In America, therapeutic communities for addiction treatment became popular in the 1960s and ’70s. Some, like Synanon, became notorious for cultlike, abusive environments. There are now perhaps 3,000 worldwide, researchers estimate, including one that Mr. Kennedy has also praised — San Patrignano, an Italian program whose centerpiece is a highly regarded bakery, staffed by residents.
“If we do go down the road of large government-funded therapeutic communities, I’d want to see some oversight to ensure they live up to modern standards,” said Dr. Sabet, who is now president of the Foundation for Drug Policy Solutions. “We should get rid of the false dichotomy, too, between these approaches and medications, since we know they can work together for some people.”
Should Mr. Kennedy be confirmed, his authority to establish healing farms would be uncertain. Building federal treatment farms in “depressed rural areas,” as he said in his documentary, presumably on public land, would hit political and legal roadblocks.

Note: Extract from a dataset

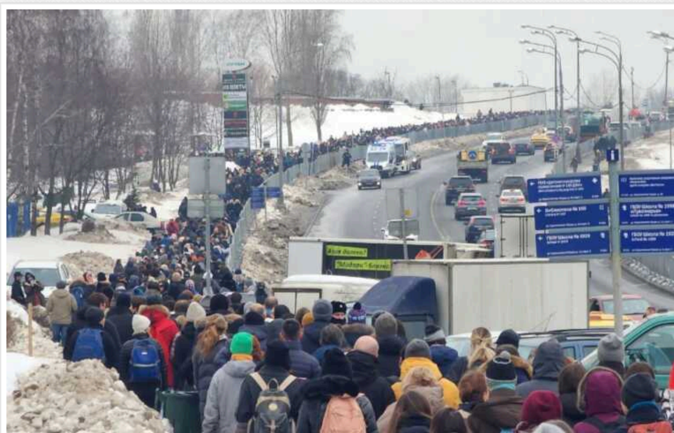
У РФ почалися затримання учасників прощання з Навальним

У Росії силовики почали затримувати людей, які приходили на прощання з загиблим опозиціонером Олексієм Навальним. Їх вираховують за камерами відеонагляду – система розпізнавання обличчя в Москві "дає можливість простежити шлях кожної людини аж до її під'їзду".

Fully legalizing and taxing cannabis to pay for the farms would require congressional action.
In the concluding moments of the documentary, Mr. Kennedy invoked Carl Jung, the Swiss psychiatrist whose views on spirituality influenced Alcoholics Anonymous. Dr. Jung, he said, felt that “people who believed in God got better faster and that their recovery was more durable and enduring than people who didn’t.”